The Company pays special attention to preparedness for emergencies or disasters, such as typhoons, floods, droughts caused by climate change, earthquakes, environmental contamination, large-scale product returns, service disruption of IT systems, strikes, pandemics (such as H1N1 influenza), and sudden and unexpected disruptions to the supply of raw materials or water, electricity, and other public utilities. TSMC has established a company-wide task force dedicated to managing the risk of water shortage that might arise due to climate change. This task force keeps watch on the external supply and internal demand for water. Cross-company consolidations and external collaborations with public agencies are also ongoing in the industrial parks to ensure and sustain a stable water supply.
TSMC has further strengthened its business continuity plans, which include periodic risk assessment, risk mitigation , and implementation through the establishment of emergency task forces when necessary, combined with the preparation of a thorough analysis of the emergency, its impact, alternative actions, and solutions for each possible scenario together with appropriate precautionary and/or recovery measures. Each task force is given the responsibility of ensuring TSMC’s ability to conduct business while minimizing personal injury, business disruption, and financial impact under the circumstances. TSMC’s business continuity plan is periodically reviewed according to results of test scenarios or practical implementation for ensuring effective and successful business continuity. Customers are informed of TSMC’s strong business continuity capability in order to establish resilience and flexibility in both their supply chain and insurance placement. For the year 2012, and up to the date of this Annual Report, there have been no reportable material events that have necessitated the activation of such contingency plans. The Company has also conducted a continuous improvement project, including evaluating building anti-seismic capability, holding earthquake response drills and enhancing tool anchorage, and has improved TSMC business continuity procedures with reference to BS 25999 business continuity management.
TSMC and many of its suppliers use highly combustible and toxic materials in its manufacturing processes and are therefore subject to the risk of loss arising from explosion, fire, or environmental influences which cannot be completely eliminated. Although the Company maintains many overlapping risk prevention and protection systems, as well as comprehensive fire and casualty insurance, including insurance for loss of property and loss of profit resulting from business interruption, TSMC’s risk management and insurance coverage may not be sufficient to cover all of the Company’s potential losses. If any of TSMC’s fabs or vendor facilities were to be damaged, or cease operations as a result of an explosion, fire or environmental influences, it could reduce the Company’s manufacturing capacity and may cause it to lose important customers, thereby having a potentially adverse and material impact on TSMC’s financial performance.
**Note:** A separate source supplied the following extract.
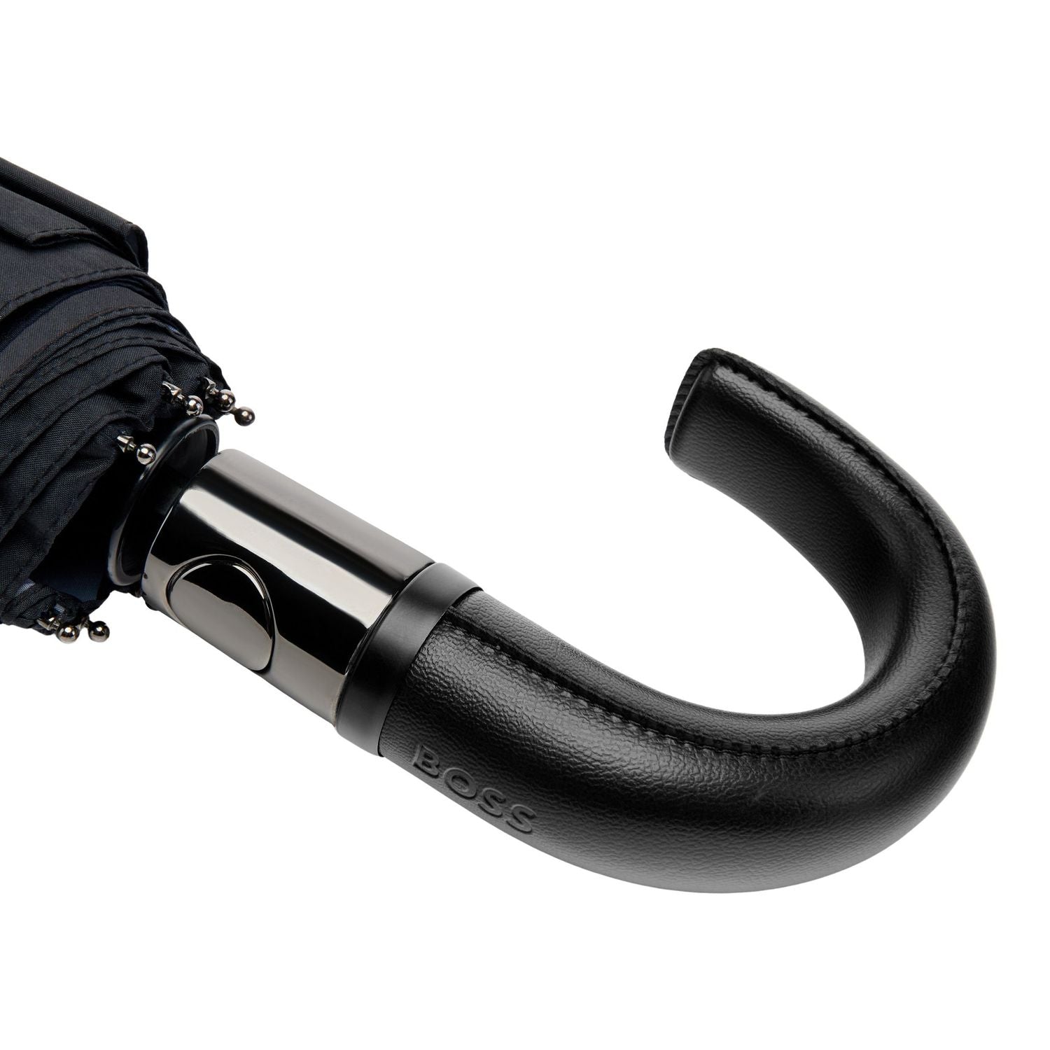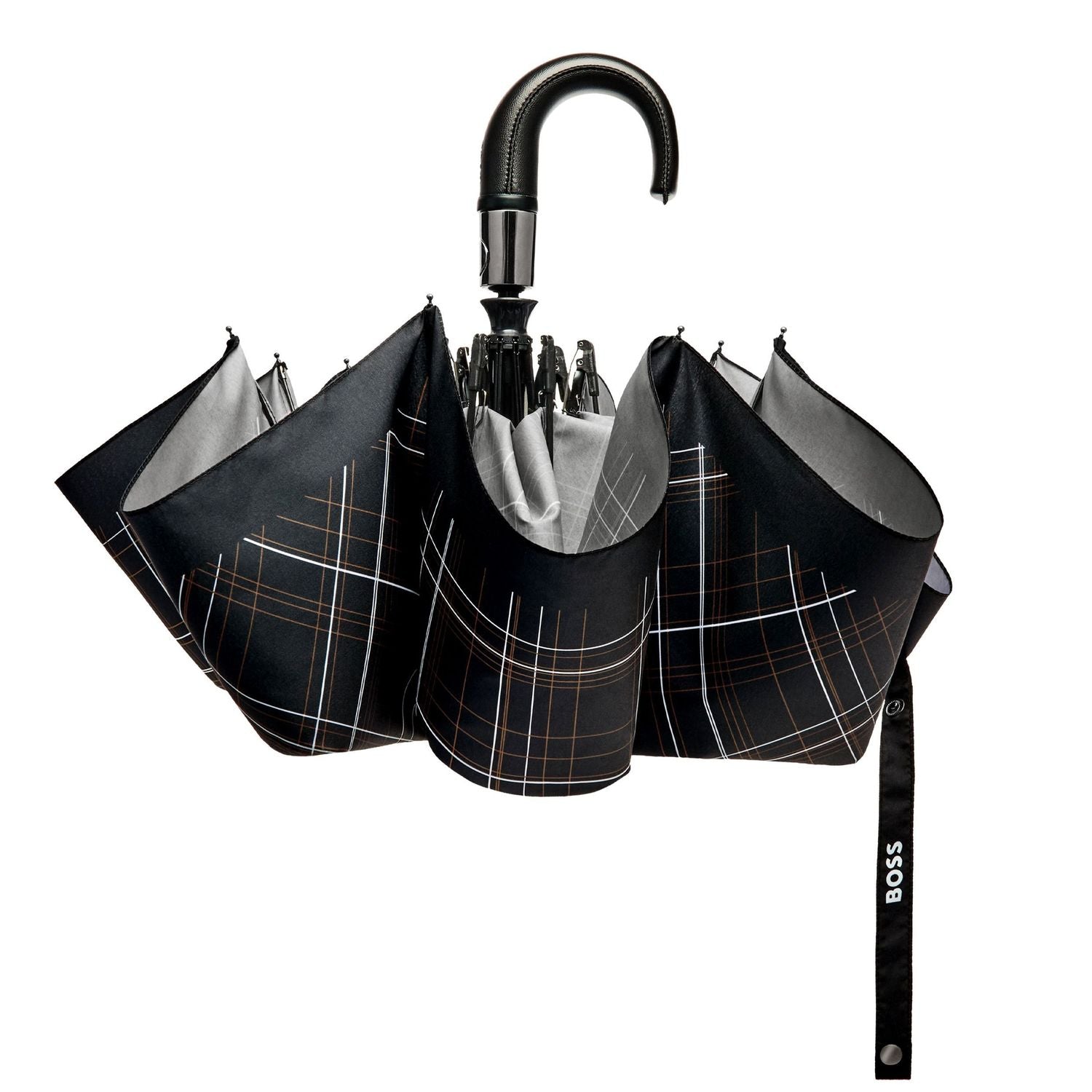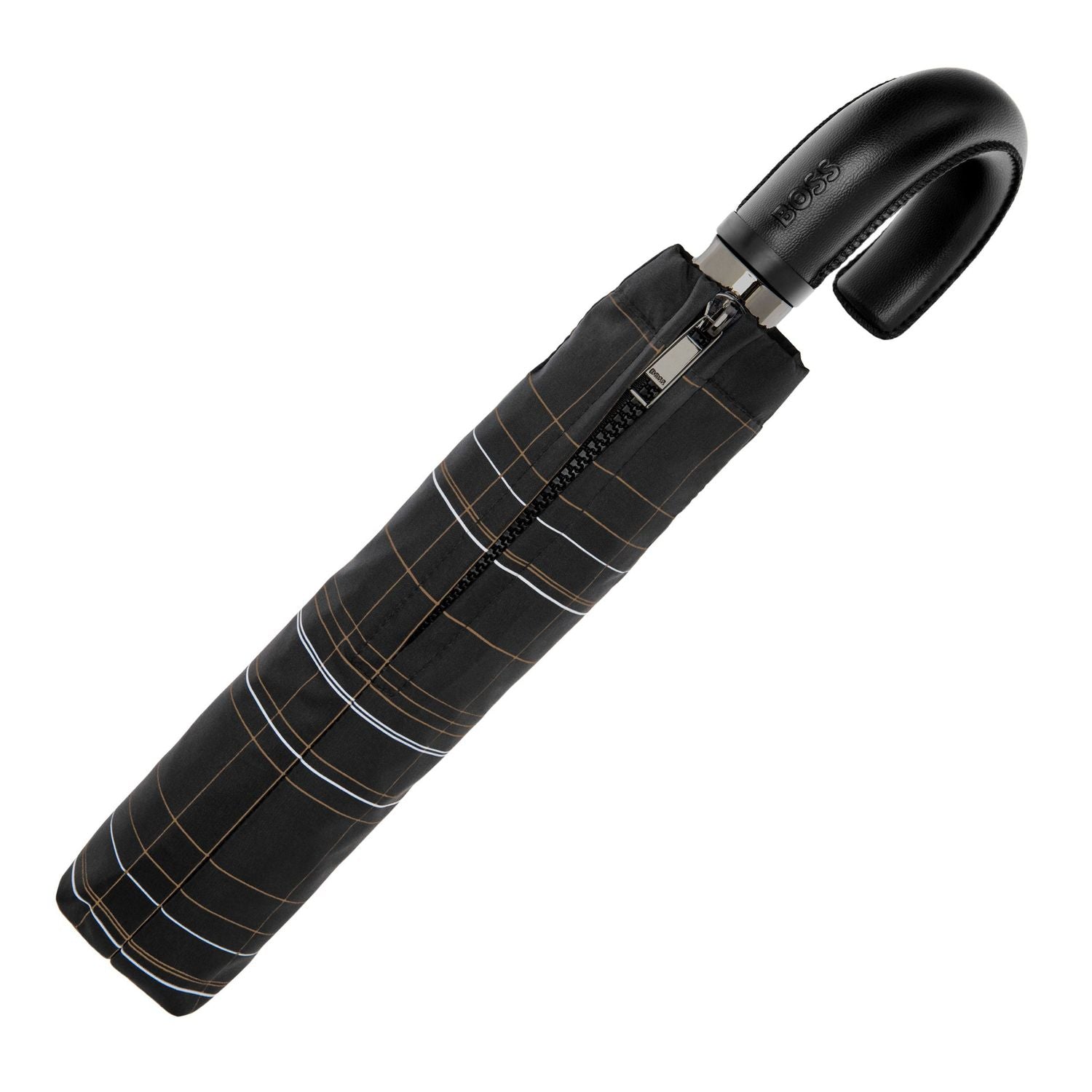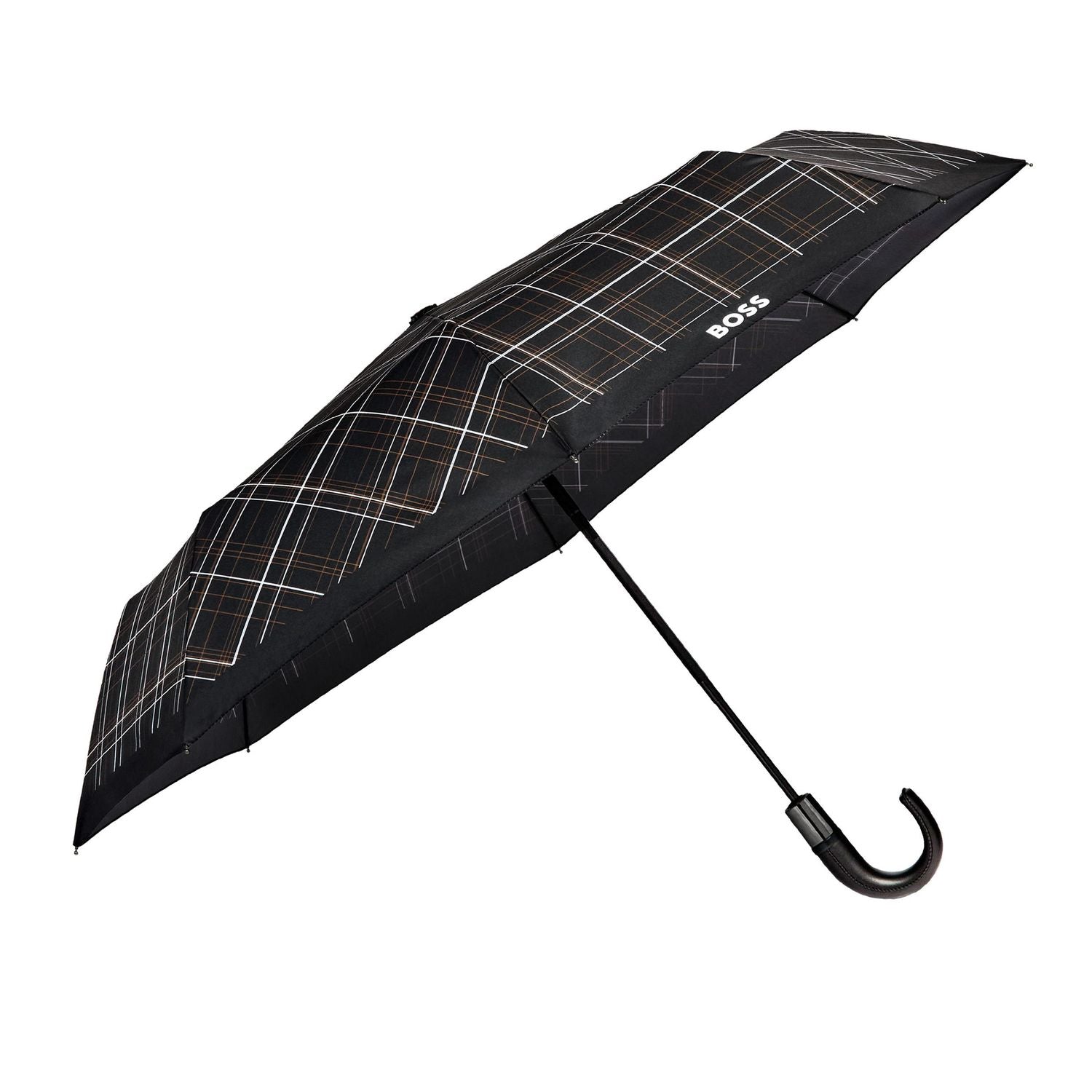 The Checkered umbrella features a striking print borrowed from the BOSS runway, turning an everyday essential into a true fashion statement through its graphic take on the brand?s iconic colors. This pocket size is practical and compact. Presented exclusively in black, it comes with a refined handle wrapped in a leatherlike material and is signed with an embossed BOSS logo for an elevated finish.

In addition to periodic fire protection system inspection and firefighting drills, the Company has also carried out a corporate-wide fire risk mitigation project focused on management and hardware improvements.
Changes may cause unpredictable interruption to production. In order to reduce such uncertainty, TSMC has adopted a number of standards to maintain operational continuity, ranging from design, procurement and construction of facilities, to operation and decommission.
Climate Change Risks
The manufacturing, assembling and testing of our products require the use of chemicals and materials that are subject to environmental, climate-related, and health and safety laws and regulations issued worldwide. Although TSMC may be eligible for various exemptions and/or extensions of time for compliance, our failure to comply with any of these applicable laws or regulations could result in:
- significant penalties and legal liabilities, such as the denial of import permits;
- the temporary or permanent suspension of production of the affected products;
- unfavorable alterations in our manufacturing, fabrication and assembly and test processes; and
- restrictions on our operations or sales.
Existing and future environmental and climate related laws and regulations as well as applicable international accords to which TSMC are subject, could also require it, among other things, to do the following: (a) purchase, use or install expensive pollution control, reduction or remediation equipment; (b) implement climate change mitigation programs and “abatement or reduction of greenhouse gas emissions” programs, or “carbon credit trading” programs; (c) modify our product designs and manufacturing processes, or incur other significant expenses associated with such laws and regulations such as obtaining substitute raw materials or chemicals that may cost more or be less available for our operations. It is still unclear whether such necessary actions would affect the reliability or efficiency of our products and services.
Any of the above contingencies resulting from the actual and potential impact of local or international laws and regulations as well as international accords on environmental or climate change, could harm the Company’s business and operational results by increasing expenses or requiring TSMC to alter its manufacturing, assembly and test processes.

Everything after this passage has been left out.